Deformation inside rock mass and alluvial soil due to underground mining

Measurement technique for vertical movements

Vertical movements in internal rock are monitored using the borehole extensometer system (Wu et al. 1998; Yuan and Wu 2003) shown in Fig. 5. The system consists of a probe, a cable, a cable reel with an indicating device, test tubes, an inductive loop, and a pedestal frame.

Fig. 5
figure 5

Installation diagram of subsidence measurement system (extensometer). 1—pedestal frame, 2—reading device/cable reel, 3—slurry, 4—filling mortar, 5—inductive loop sealed with adhesives and tape, 6—inductive loop, 7—inclinometer casing joints, 8—inclinometer casing, 9—grouting valve, 10—hammer, 11—probe, 12——hose connector fitted with adhesive and tape, 13—hose connector with nylon tape or clamp, 14—end of hose fixed with rigid tube

  1. 1.

    Main components

    • Probe: comprising a radio frequency oscillator and an electrical testing circuit.

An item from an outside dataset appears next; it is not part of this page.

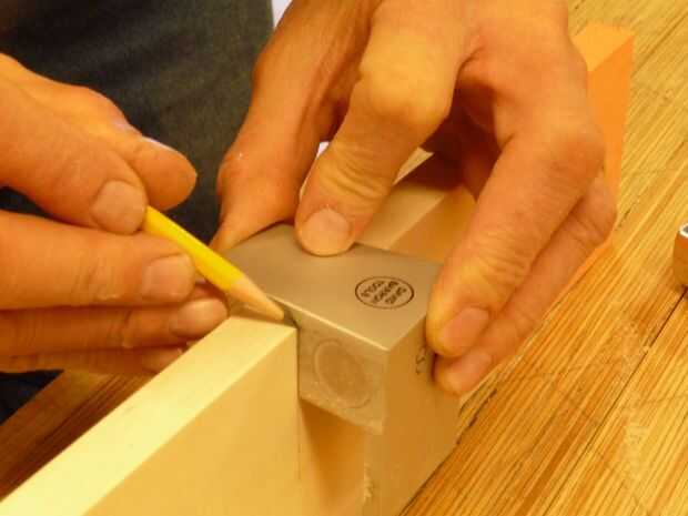 Gire el palillo por lado, pone la guía a continuación a la línea y marca el ángulo.
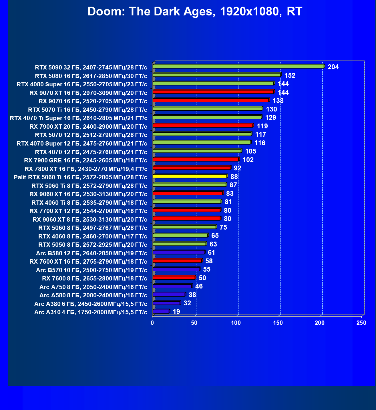 | 10 | RX 9060 XT 16 ГБ, 2530—3130 МГц/20 ГТ/с | 297 | 1338 | 45 000 |

    • Cable: used for transmitting electrical signals generated by the probe sensor. The outer surface is marked with a scale whose least count is 1 m. The cable has an inner core, and the inner core has a cable to ensure that the cable length is not influenced by the raising or dropping of the probe.

    • Cable reel with an indicating device: used for raising or dropping the probe and indicating the strength of the signal. When the probe approaches the inductive loop, the buzzer raises an alarm.

    • Inclinometer tube: acts as a carrier for the inductive loop. First, an inductive loop is arranged on the test tube at regular intervals; then, the tube is placed in the borehole and filled with mortar, which causes the tube to be glued to the interior perimeter of the borehole and ensures that the inductive loop and rock move together. During observations, the probe is moved upward and downward in the test tube to determine the location of the inductive loop.

    • Inductive loop: a closed loop made of metal and comprising the sensing system and probe.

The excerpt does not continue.